Tom Scocca in Slate:
The Wisconsin primary had to be the end for Bernie Sanders. The logic of it was inexorable. Here was the definitive Trump 2016 state, where as dozens of diner-safari retrospective stories told us, an alienated electorate had failed to rally to Hillary Clinton, tilting the national map ever so slightly but decisively into the red. The dream of the Sanders revolution was the dream of rousing those Wisconsin voters to his side, to energize a new coalition of the young and poor and hopeful in the name of a better democratic future. When that didn’t happen, it was time for Sanders to go. It was essentially impossible, as Sanders said in his live-streamed concession speech, for him to overcome Joe Biden’s lead in the delegate count.
There was, however, a puzzling aspect to this mathematical consensus: The returns from Wisconsin won’t be released until the week after Sanders’ concession. Even when those numbers come out, they’ll be nothing but the debris from a voting process that imploded under the strain of the pandemic and the malice of the Republican-controlled state and federal supreme courts—tens of thousands of mail-in ballots thrown away or never delivered to voters in the first place; 97 percent of polling places in Milwaukee closed; the thousands of people who turned out anyway risking their lives to stand in line. No one could plausibly describe what took place in Wisconsin as a democratic election.
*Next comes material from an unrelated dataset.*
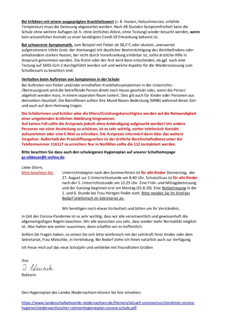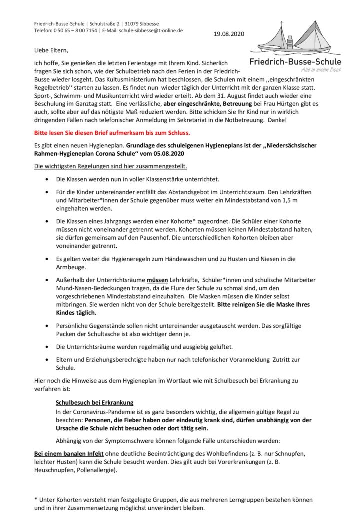 Elternbrief zum Schulstart 20/21
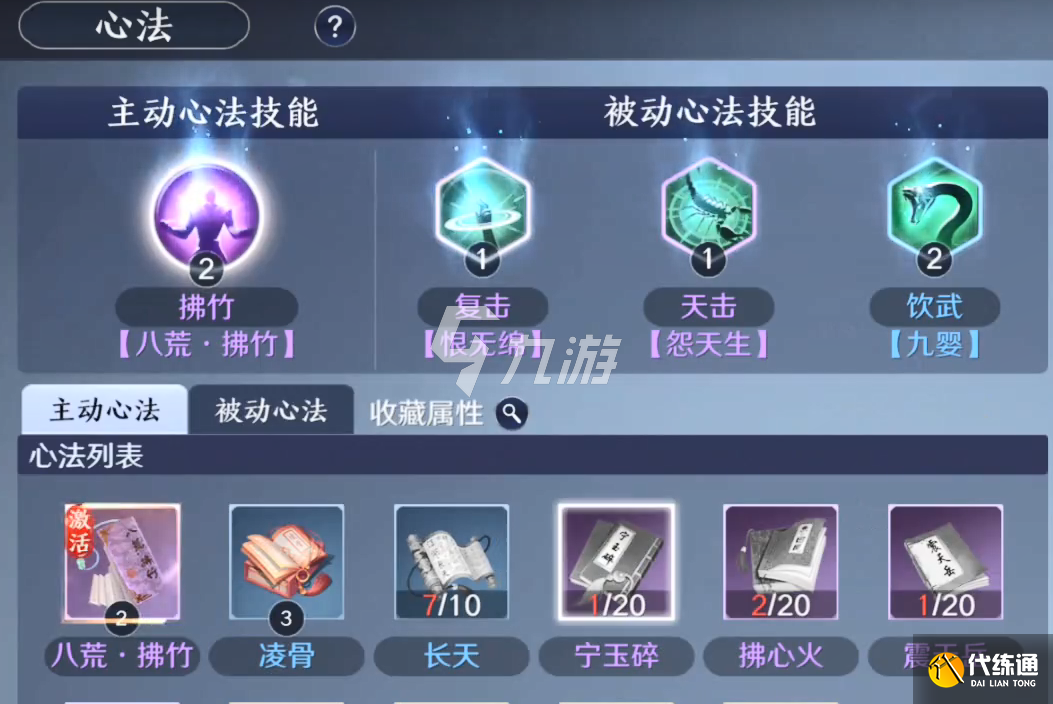 6.心法能为角色带来重要的属性加成,新手期系统会赠送紫色的主动心法,然后通过做任务还能得到一本蓝色被动的,先升级这两本心法然后再去收集收集其余心法,对提升战力也很有帮助。

As such, it was the perfect conclusion to Joe Biden’s victory in the 2020 Democratic nominating contest. A decisive non-event wrapped up a primary season in which nearly half the states never had any say before it was over, and the majority of people who did vote were focused on trying to guess which candidate someone else would be most likely to want to vote for. In the swirl of anxiety over the question of electability against Donald Trump, the basic act of electing someone got pulled under and drowned.